«Piacenza, una città che non sa essere capitale, con una storia che rimane a volte sotto traccia»

E’ uscito il 17esimo numero de l'Urtiga, Quaderni di cultura piacentina edito dalla Libreria Internazionale Romagnosi e curati da Ippolito Negri in tandem con il comitato di redazione composto da Andrea Bergonzi, Maurizio Cordani, Filippo Lombardi e Luigi Montanari

E’ uscito il 17esimo numero de l’Urtiga, Quaderni di cultura piacentina edito dalla Libreria Internazionale Romagnosi e curati da Ippolito Negri in tandem con il comitato di redazione composto da Andrea Bergonzi, Maurizio Cordani, Filippo Lombardi e Luigi Montanari. Come di consueto le oltre 200 pagine della rivista spaziano a 360 gradi su argomenti legati alla piacentinità: dall’attualità alla storia, dall’arte alle fake news, dalla storia militare alle curiosità, dall’editoria piacentina alle réclame di anni lontani. Si tratta insomma di un fascicolo che se collezionato con regolarità può costituire una vera e propria enciclopedia tematica della nostra provincia. 

Questa dell’Urtiga - ha detto Gian Paolo Bulla nell’ambito della presentazione della rivista nella sede di Biffi Arte – è una bella esperienza, nata da un piccolo gruppo e poi divenuta corale. Insomma, un vero gioco di squadra, con un allenatore non dispotico, un gioco che mira ad un buon risultato. Tra i contributi pubblicati in questo numero, Bulla si è soffermato sulla Cripta celata di Santa Maria di Campagna, aspetto della Piacenza sotterranea della quale si parla da tempo senza però raggiungere ad oggi risultati spendibili. Bisognerebbe quindi investire con studi, sondaggi e soldi. 

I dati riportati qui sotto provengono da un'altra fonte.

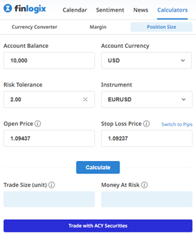 Not only a position size calculator but you still have access to the Finlogix Economic Calendar!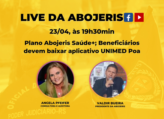 Live da Abojeris • 23/04 – Plano Abojeris Saúde+; Beneficiários devem baixar aplicativo UNIMED Poa

Era il 2012 di questi tempi – si legge nell’editoriale - quando alla Libreria Postumia venne presentata, da Luigi Paraboschi, l'idea di creare questa rivista. Ci siamo impegnati a raccontare storia e storie della nostra Piacenza, dei suoi monumenti, delle sue tradizioni. Abbiamo festeggiato il quinto anno di uscita e ce lo siamo lasciato alle spalle. Più o meno abbiamo messo insieme, con tutti gli amici che hanno voluto collaborare, 3600 pagine. Se dovessimo fare una sintesi di tutto quel che abbiamo scritto in tre righe potremmo ricavare questo ritratto: Piacenza è una città di buone tradizioni, ricca di monumenti spesso sottovalutati, con una storia che rimane a volte sotto traccia e che potrebbe avere grandi possibilità se i piacentini fossero meno riservati e fossero più disponibili a mettersi in gioco. Tre righe che in un’ulteriore sintesi ci dicono: una città che non sa essere capitale. Le manca la caratteristica fondamentale: mettersi in mostra, persino pavoneggiarsi, sventolare un drappo colorato perché altri ti seguano. Per questo non può meravigliare se nel confronto che è fatto, di sostanza, ma anche e soprattutto di apparenza e capacità di rappresentazione, non si risulti vincenti. Soprattutto se il vicino di casa sa mettere paillettes e lustrini a tutto quel che fa. 

C'è da chiedersi se in un mondo che sempre più spesso premia ciò che appare (una banale considerazione anche per noi che usiamo, tra i media, quello più vecchio, la carta stampata che è vincente quanto più offre di immagini) non sia arrivato anche per Piacenza il tempo di giocare carte nuove. Ci sono giovani generazioni che avanzano, che cercano spazi nella città e per proporre una diversa immagine della città, ricomponendo una differente catena del DNA piacentino. Forse è arrivato il momento di lasciarli fare...  Alla fine della partecipata presentazione il gradito brindisi con il “Bianco dei Ciliegi” della cantina Paolo Marchesi di Ziano.